Abstract

♦ Total hip replacements (THRs) may fail in various ways. They may become infected, they may be subject to aseptic loosening, they may dislocate, or a periprosthetic fracture may occur. The patient with a failed THR must be thoroughly assessed before treatment is contemplated♦ Infection may be acute or chronic. Assessment involves clinical assessment, plain radiographs, blood tests (C-reactive protein and erythrocyte sedimentation rate), hip aspiration, and, sometimes, nuclear medicine. The acutely infected hip may be treated with one-stage revision. This involves thorough lavage, debridement, and exchange of all modular components as well as long-term antibiotic therapy. The gold standard of treatment for a chronically infected THR is a two-stage revision.

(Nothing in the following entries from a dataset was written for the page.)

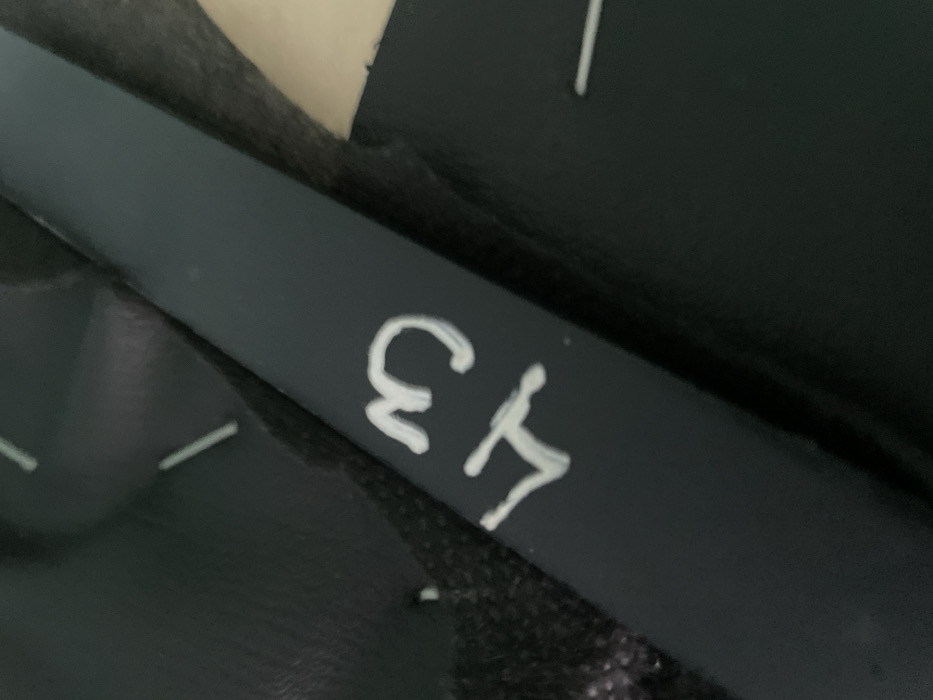 A close-up shot of a black surface with the number "13" written in white on it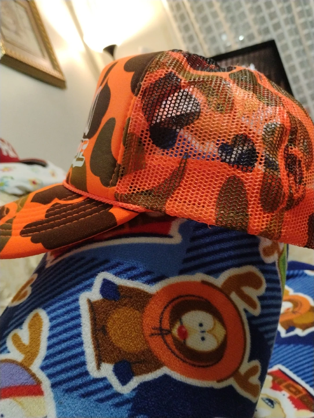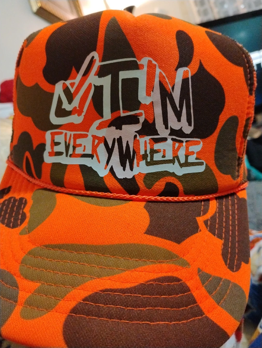 5Cool orange camo trucker hat with a unique design! It features 'VTM Everywhere' in bold lettering. Perfect for adding a pop of color to your outfit.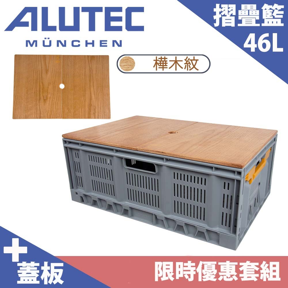 ALUTEC輕量化摺疊收納籃 工具收納 露營收納-46L+樺木紋蓋板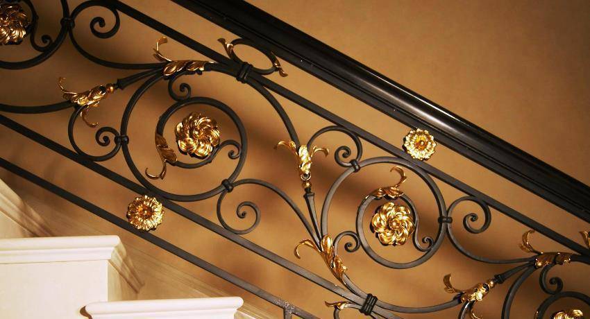 Элементы холодной ковки можно использовать для украшения лестницы

Success rates of 80–90% can be expected♦ Aseptic loosening typically occurs at the cement bone interface in hips where a metal-on-polyethylene bearing couple has been used. Bone resorption takes place as a result of an inflammatory response to small wear particles. After infection has been excluded the treatment of choice is a single-stage revision♦ Dislocation may be the result of patient factors, implant factors, or poor surgical technique. It is imperative for the clinician to minimize the risk by selecting patients carefully, using the correct combination of implants and performing surgery accurately♦ The management of periprosthetic fractures depends on how well the implants are fixed and quality of bone stock. Treatment ranges from simple fixation of the fracture through to revision augmented with strut allograft.